JACKSON, Miss. (AP) — A Mississippi school board has voted along racial lines to appeal a federal judge's order in a long-running desegregation case.
The Cleveland School District filed papers Monday asking the 5th U.S. Circuit Court of Appeals to review the order that requires campus consolidations. Board attorney Jamie Jacks said Tuesday that the district is requesting a quick appeal and is asking the 5th Circuit to put Brown's order on hold while it considers the case.
Three white members of the local school board voted for the appeal, and two black members voted against it.
U.S. District Judge Debra Brown ruled May 13 that the district must combine East Side High, where all but one student is black, with Cleveland High, where 48 percent are white and 45 percent are black.

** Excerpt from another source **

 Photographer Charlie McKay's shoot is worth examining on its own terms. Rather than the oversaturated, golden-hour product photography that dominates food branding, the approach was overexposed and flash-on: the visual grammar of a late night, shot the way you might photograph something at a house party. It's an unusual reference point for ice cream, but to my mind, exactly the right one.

Brown also ordered the merger of D.M. Smith Middle, where all but two students are black, with Margaret Green Junior High, where 41 percent are white and 54 percent are black.
The appeal comes weeks after the district gave Brown a proposed timeline for merging the schools by the start of the 2017-18 school year.

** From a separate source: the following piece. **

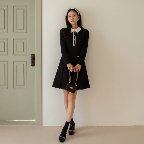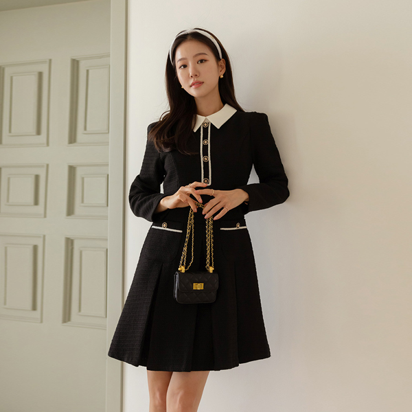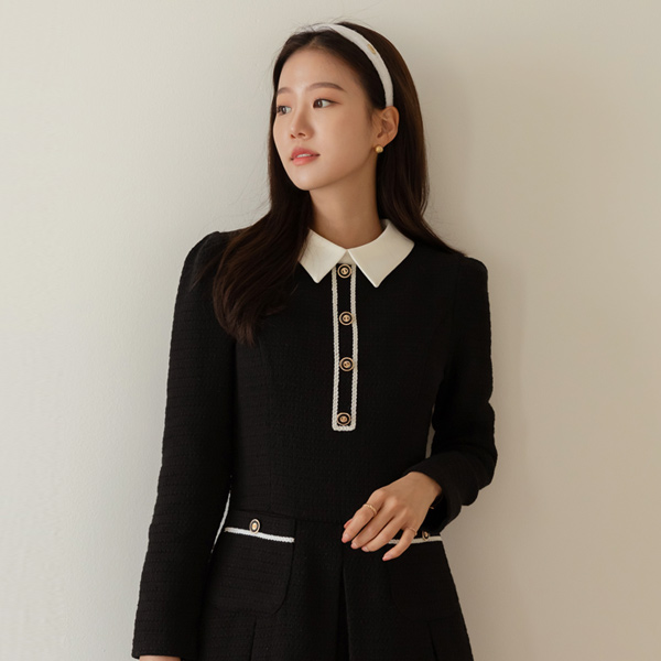 Haze 翻领 粗呢 褶边 连衣裙

Brown's order was the latest in a case first filed in 1965. A previous judge approved an open-enrollment plan that let Cleveland students attend the school of their choice, but the 5th U.S. Circuit Court of Appeals in New Orleans ordered a more thorough examination.
Across the entire 3,700-student district, about 29 percent of students are white and 67 percent are black. The state counts the others as Asian or Hispanic.

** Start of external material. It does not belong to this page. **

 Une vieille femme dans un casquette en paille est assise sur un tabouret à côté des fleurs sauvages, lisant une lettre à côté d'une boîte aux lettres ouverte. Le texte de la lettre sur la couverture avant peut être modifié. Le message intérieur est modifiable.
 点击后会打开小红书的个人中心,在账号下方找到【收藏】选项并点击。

During a hearing in the case, the school district presented expert testimony that white parents were likely to flee to private schools. Beyond Cleveland, only four of 22 other districts in Mississippi's Delta region have student bodies less than 80 percent African-American.
Brown wrote that the district provided "weak" evidence that it could voluntarily draw white students to East Side High and none at all that it could draw white students to D.M. Smith.
Merging black and white schools was a common desegregation method in the 1960s and 1970s. As recently as 2014, the U.S. Justice Department was still a party to 43 school desegregation suits in Mississippi alone.